## WHAT IS NEEDED
Reproduce the entries shown below only from the line with "楽しみにしていたお楽しみ会当" down to the line with "随着澳门特区即将迎来回归祖国", keeping both end lines and copying each one exactly.

## RECORD SET
+===+

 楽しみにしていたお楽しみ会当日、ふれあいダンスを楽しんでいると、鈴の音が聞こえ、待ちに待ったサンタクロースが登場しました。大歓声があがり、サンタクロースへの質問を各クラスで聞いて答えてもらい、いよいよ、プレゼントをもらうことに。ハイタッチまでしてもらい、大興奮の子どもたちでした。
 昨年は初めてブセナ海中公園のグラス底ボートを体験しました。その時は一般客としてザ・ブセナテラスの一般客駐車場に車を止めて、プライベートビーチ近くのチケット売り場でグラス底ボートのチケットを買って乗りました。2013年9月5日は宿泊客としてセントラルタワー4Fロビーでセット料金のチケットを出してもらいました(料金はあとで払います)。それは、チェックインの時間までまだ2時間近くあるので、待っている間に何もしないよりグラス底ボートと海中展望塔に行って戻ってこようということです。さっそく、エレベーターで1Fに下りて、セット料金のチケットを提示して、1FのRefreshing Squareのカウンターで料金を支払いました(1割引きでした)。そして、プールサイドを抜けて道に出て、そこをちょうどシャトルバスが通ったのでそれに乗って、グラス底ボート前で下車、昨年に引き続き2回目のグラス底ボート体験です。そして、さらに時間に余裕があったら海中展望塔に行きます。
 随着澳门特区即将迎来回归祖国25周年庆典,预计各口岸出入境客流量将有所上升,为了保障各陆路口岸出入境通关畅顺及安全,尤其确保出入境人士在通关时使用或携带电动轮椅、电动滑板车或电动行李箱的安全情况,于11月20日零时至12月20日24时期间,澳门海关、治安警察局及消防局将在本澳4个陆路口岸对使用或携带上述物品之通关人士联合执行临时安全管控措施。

+===+

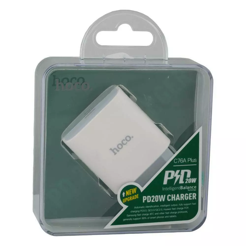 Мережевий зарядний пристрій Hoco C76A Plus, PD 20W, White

+===+

## EXERCISE OUTPUT
 楽しみにしていたお楽しみ会当日、ふれあいダンスを楽しんでいると、鈴の音が聞こえ、待ちに待ったサンタクロースが登場しました。大歓声があがり、サンタクロースへの質問を各クラスで聞いて答えてもらい、いよいよ、プレゼントをもらうことに。ハイタッチまでしてもらい、大興奮の子どもたちでした。
 昨年は初めてブセナ海中公園のグラス底ボートを体験しました。その時は一般客としてザ・ブセナテラスの一般客駐車場に車を止めて、プライベートビーチ近くのチケット売り場でグラス底ボートのチケットを買って乗りました。2013年9月5日は宿泊客としてセントラルタワー4Fロビーでセット料金のチケットを出してもらいました(料金はあとで払います)。それは、チェックインの時間までまだ2時間近くあるので、待っている間に何もしないよりグラス底ボートと海中展望塔に行って戻ってこようということです。さっそく、エレベーターで1Fに下りて、セット料金のチケットを提示して、1FのRefreshing Squareのカウンターで料金を支払いました(1割引きでした)。そして、プールサイドを抜けて道に出て、そこをちょうどシャトルバスが通ったのでそれに乗って、グラス底ボート前で下車、昨年に引き続き2回目のグラス底ボート体験です。そして、さらに時間に余裕があったら海中展望塔に行きます。
 随着澳门特区即将迎来回归祖国25周年庆典,预计各口岸出入境客流量将有所上升,为了保障各陆路口岸出入境通关畅顺及安全,尤其确保出入境人士在通关时使用或携带电动轮椅、电动滑板车或电动行李箱的安全情况,于11月20日零时至12月20日24时期间,澳门海关、治安警察局及消防局将在本澳4个陆路口岸对使用或携带上述物品之通关人士联合执行临时安全管控措施。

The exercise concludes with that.